One such is Sutro Biopharma, based near San Francisco. It uses a cell-free system to create antibodies for
the treatment of cancer. In April, Sutro announced it had employed its system to make STRO-001, an
antibody that inhibits tumour growth. The firm plans to start trials of STRO-001 in 2018. Cell-free
production of the antibodies for that trial is about to begin.
Antibodies are specialised proteins, so once Sutro’s system has identified the best candidate for the job, all
that is required is to seed the gloop with the DNA which encodes that candidate. Other firms, though, hope
to go further than this, by devising manufacturing systems that put together entire metabolic pathways for
the production of chemicals other than proteins. These, as in a natural metabolic pathway, consist of a
series of enzymes (another type of specialised protein) that catalyse a sequence of chemical changes,
gradually converting one molecule into another.

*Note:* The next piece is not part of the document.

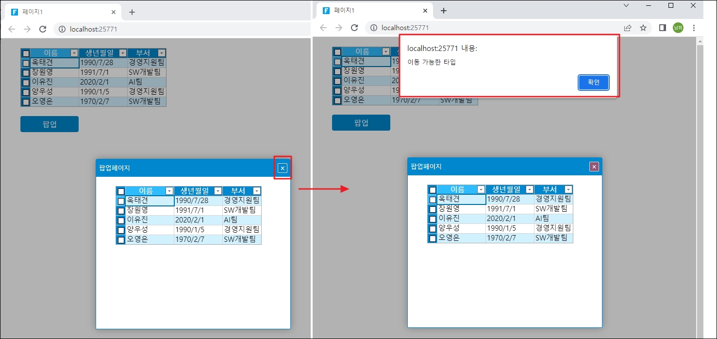 페이지를 실행하고 테이블에서 팝업버튼을 클릭하여 팝업페이지를 띄우고, 닫기 버튼을 클릭하여 팝업 페이지가 닫히면 경고 상자가 나타납니다.

Genomatica, an established biotechnology firm based in San Diego, is experimenting with a cell-free
system which produces 1,4-butanediol in this way from simple sugars. 1,4-butanediol is a small molecule
that is used to make polymers such as Lycra. Generally, it is cheaper to manufacture molecules of this size
using chemistry, rather than biology, but 1,4-butanediol is an exception. It is already made for industry with
the aid of genetically modified E. coli. Genomatica’s system churns out the enzymes involved in this
synthesis, creating an entire cell-free metabolic pathway—and one in which all the sugar is devoted to
making the target chemical, rather than a percentage of it being creamed off to run a cell’s other
biochemical processes. The firm has not yet put the system to commercial use, but has high hopes for it.

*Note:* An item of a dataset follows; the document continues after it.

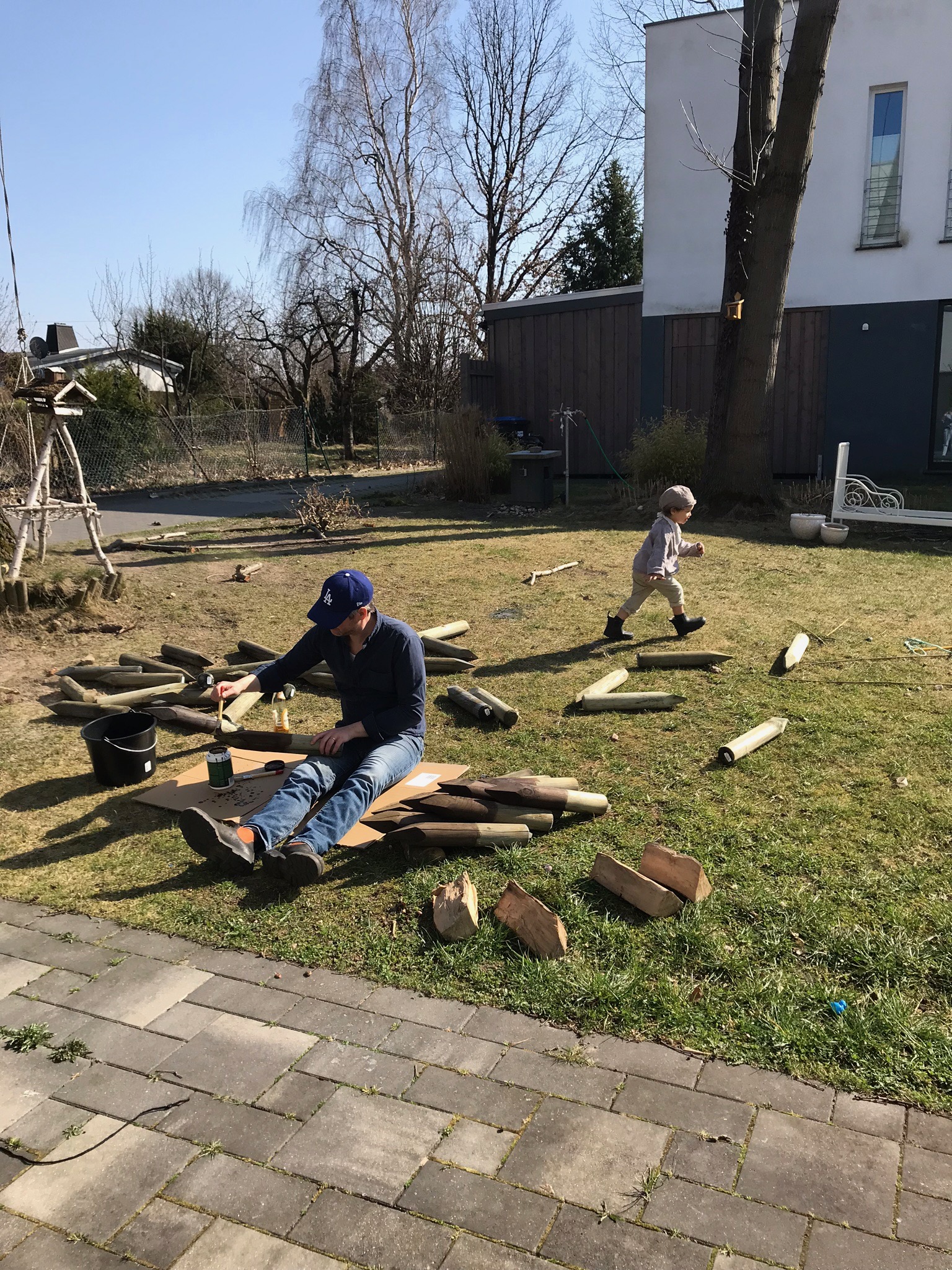 Henning hat den halben Sonntag den Sandkistenbau vorbereitet und mir immer unterschwellig erklärt das es ja ganz schön wäre wenn nicht nur zwei sondern drei oder vier Kinder (unsere) darin spielen würden….nun ja die Zeit wird es zeigen. Gerade bin ich noch etwas zwiespältig so wie hier schon mal beschrieben (klick)

GreenLight Biosciences, a firm in Medford, Massachusetts, proposes to use its own cell-free system, also
based on E. coli, to produce industrial quantities of an undigestible analogue of ribose, a naturally occurring
sugar, for use in zero-calorie beverages. The company says it has already got its process to the point where
it can make thousands of litres of solution of this sugar at a time. GreenLight is also working on cell-free
systems that will generate industrial qualities of specially designed RNA molecules that interfere with the
development of insect larvae, and can thus be used as pesticides. Currently, such RNA costs $5,000 per
kilogram to produce. GreenLight thinks that by scaling the process up it can reduce this to between $50 and
$100.
Whether cell-free biotechnology will be able to displace fermentation by genetically modified organisms as
a routine way of making chemicals remains to be seen. Fermentation is a tried and trusted technique, used
by humans since the invention of beer around 12,000 years ago. But the idea of stripping molecular biology
down to its bare essentials has an efficiency about it which suggests that, for some applications at least, the
utility of the biological cell may have run its course.